The earliest known settlement on the present site of Kraków was established on Wawel Hill, and dates back to the 4th century. Legend attributes the town's establishment to the mythical ruler Krakus, who built it above a cave occupied by a ravenous dragon, Smok Wawelski. Many knights unsuccessfully attempted to oust the dragon by force, but instead, Krakus fed it a poisoned lamb, which killed the dragon. The city was free to flourish. The so-called "dragon bones", most likely that of mammoth, are displayed at the entrance of the Wawel Cathedral. Before the Polish state had been formed, Kraków was the capital of the tribe of Vistulans, subjugated for a short period by Great Moravia. After Great Moravia was destroyed by the Hungarians, Kraków became part of the Duchy of Bohemia. The first appearance of the city's name in historical records dates back to 966, when a Sephardi Jewish traveller, Abraham ben Jacob, described Kraków as a notable commercial centre under the rule of the then duke of Bohemia, Boleslaus I the Cruel. He also mentioned the baptism of Prince Mieszko I and his status as the first historical ruler of Poland. Towards the end of his reign, Mieszko took Kraków from the Bohemians and incorporated it into the holdings of the Piast dynasty.

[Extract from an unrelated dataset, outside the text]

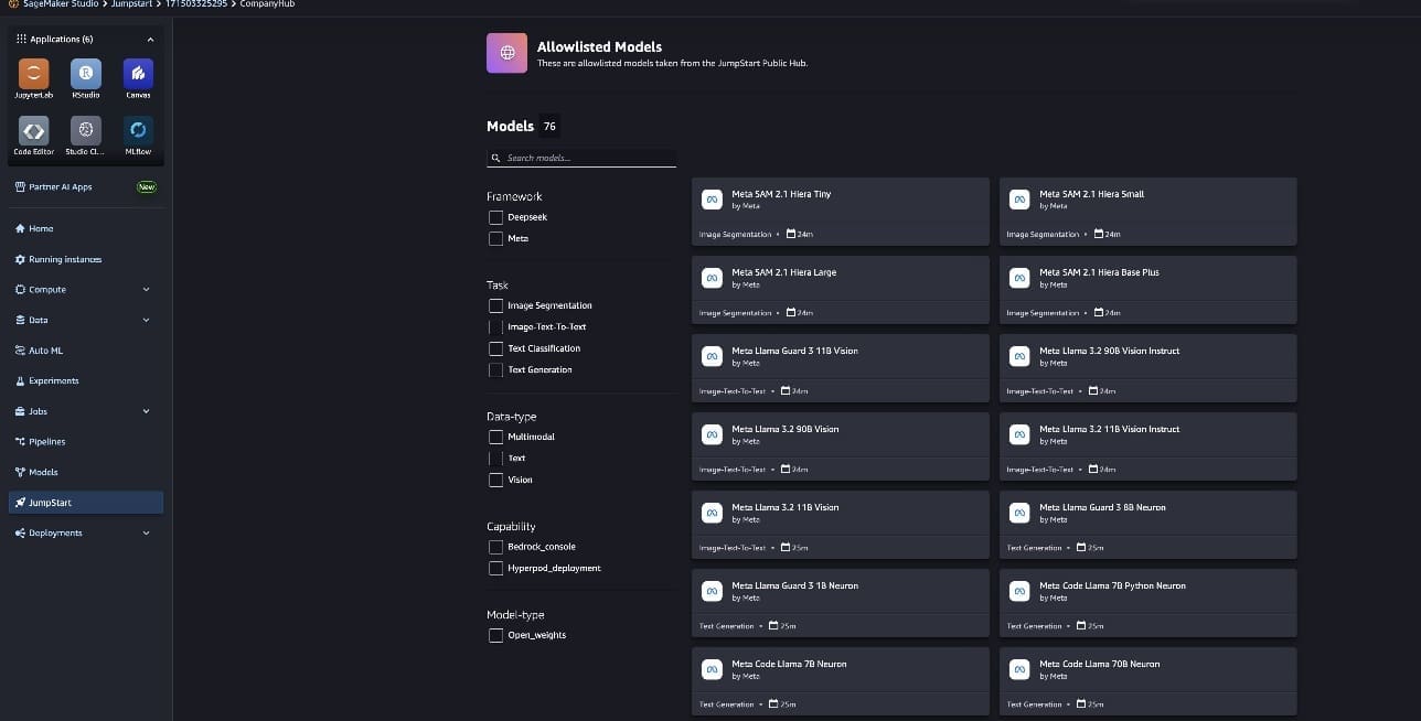 - Support for custom models – In addition to the pre-trained SageMaker JumpStart models, administrators can now add their own custom-trained models to the private hub and fine-tune them as needed.

By the end of the 10th century, the city was a leading center of trade. Brick buildings were being constructed, including the Royal Wawel Castle with the Rotunda of Sts. Felix and Adauctus, Romanesque churches, a cathedral, and a basilica. Sometime after 1042, Casimir I the Restorer made Kraków the seat of the Polish government. In 1079 on a hillock in nearby Skałka, the Bishop of Kraków, Saint Stanislaus of Szczepanów, was slain by the order of the Polish king Bolesław II the Generous. In 1138, the Testament of Bolesław III Wrymouth came into effect upon his death. It divided Poland into five provinces, with Kraków named as the Seniorate Province, meant to be ruled by the eldest male member of the royal family as the High Duke. Infighting among brothers, however, caused the seniorate system to soon collapse, and a century-long struggle between Bolesław's descendants followed. The fragmentation of Poland lasted until 1320.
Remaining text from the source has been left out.